Municipality in Şırnak Province, Turkey

Karalar (عربان; Eraban; ܥܪܒܐܢ) (Note: Alternatively transliterated as Araban, Araben, ʿArobon, ʿArūn, or ʿArwan.) is a town (belde) in the İdil District of Şırnak Province in Turkey. The settlement is populated by Kurds of the Domanan tribe and had a population of 4,065 in 2021. It is located in the historic region of Tur Abdin.

==History==
ʿArban (today called Karalar) was historically inhabited by Syriac Orthodox Christians. There was a church of the Virgin and Mar Barsoum. The monk-priest Yeshu’, son of the priest Barṣoum of Arban, was a renowned calligrapher. The village was attacked by Bakhti Kurds in 1453 alongside the neighbouring villages of Beth Sbirino, Bēth Isḥaq, and Midun, as per the account of the priest Addai of Basibrina in c. 1500 appended to the Chronography of Bar Hebraeus. Bakhti Kurds attacked ʿArban, as well as the villages of Bēth Isḥaq and Midun, again in 1457, resulting in the death of the priests Behnam and Addai, the deacon Abu Nasr, and 40 men whilst the women and children were taken captive.

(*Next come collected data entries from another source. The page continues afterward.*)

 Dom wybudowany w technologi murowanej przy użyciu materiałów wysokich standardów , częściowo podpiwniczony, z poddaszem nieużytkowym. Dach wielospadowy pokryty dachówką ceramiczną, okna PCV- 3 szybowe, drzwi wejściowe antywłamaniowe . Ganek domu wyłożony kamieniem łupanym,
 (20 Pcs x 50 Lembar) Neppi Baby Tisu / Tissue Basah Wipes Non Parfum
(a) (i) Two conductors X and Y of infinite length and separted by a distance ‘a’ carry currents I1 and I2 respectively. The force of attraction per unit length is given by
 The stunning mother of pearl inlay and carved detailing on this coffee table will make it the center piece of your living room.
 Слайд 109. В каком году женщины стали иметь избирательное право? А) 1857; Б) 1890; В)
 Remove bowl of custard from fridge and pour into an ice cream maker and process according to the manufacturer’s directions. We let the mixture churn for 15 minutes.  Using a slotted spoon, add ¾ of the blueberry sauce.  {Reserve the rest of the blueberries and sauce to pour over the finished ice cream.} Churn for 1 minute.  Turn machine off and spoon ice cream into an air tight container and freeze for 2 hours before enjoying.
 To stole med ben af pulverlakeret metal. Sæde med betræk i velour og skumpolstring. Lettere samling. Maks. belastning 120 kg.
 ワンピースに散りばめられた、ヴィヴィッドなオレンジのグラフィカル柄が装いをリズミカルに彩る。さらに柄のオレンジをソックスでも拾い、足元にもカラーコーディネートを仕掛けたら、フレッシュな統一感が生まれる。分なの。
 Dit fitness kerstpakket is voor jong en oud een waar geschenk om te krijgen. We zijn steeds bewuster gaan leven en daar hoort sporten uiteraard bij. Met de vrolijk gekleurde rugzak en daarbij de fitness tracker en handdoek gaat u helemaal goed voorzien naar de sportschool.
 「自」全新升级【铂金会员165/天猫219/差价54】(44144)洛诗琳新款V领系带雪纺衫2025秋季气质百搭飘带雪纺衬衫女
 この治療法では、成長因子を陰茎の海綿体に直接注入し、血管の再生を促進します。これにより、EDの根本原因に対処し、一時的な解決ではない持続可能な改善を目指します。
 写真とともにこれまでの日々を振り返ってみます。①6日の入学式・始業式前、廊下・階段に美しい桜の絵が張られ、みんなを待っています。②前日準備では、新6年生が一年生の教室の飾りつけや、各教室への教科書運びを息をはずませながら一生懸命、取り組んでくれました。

In 1748, the episcopal residence of the Church of the Virgin and Mar Barsoum was renovated by Basil Denha Baltaji, the Maphrian of Tur Abdin, at which time the village was inhabited by 14 Syriac Orthodox families. In the Syriac Orthodox patriarchal register of dues of 1870, it was recorded that the village had 2 households, who paid 10 dues, and it did not have a church or a priest. ʿArban was later visited by Aphrem Barsoum in 1911 who noted only two Syriac Orthodox families and roughly 40 Muslim families resided there whilst the church lay in ruins. In 1914, the village was inhabited by 100 Syriacs, according to the list presented to the Paris Peace Conference by the Assyro-Chaldean delegation. There were 100 Syriac families in 1915. It was located in the kaza of Midyat.

==Bibliography==

- Barsoum (2003). "The Scattered Pearls: A History of Syriac Literature and Sciences"
- Barsoum, Aphrem (2008). "The History of Tur Abdin"
- Barsoum (2009). "History of the Syriac Dioceses"
- Baz, Ibrahim (2016). "Şırnak aşiretleri ve kültürü"
- Bcheiry, Iskandar (2009). "The Syriac Orthodox Patriarchal Register of Dues of 1870: An Unpublished Historical Document from the Late Ottoman Period"
- Dinno, Khalid S. (2017). "The Syrian Orthodox Christians in the Late Ottoman Period and Beyond: Crisis then Revival"
- Gaunt, David (2006). "Massacres, Resistance, Protectors: Muslim-Christian Relations in Eastern Anatolia during World War I"
- "Social Relations in Ottoman Diyarbekir, 1870-1915" (2012)
- "Syriac Architectural Heritage at Risk in TurʿAbdin" (2022)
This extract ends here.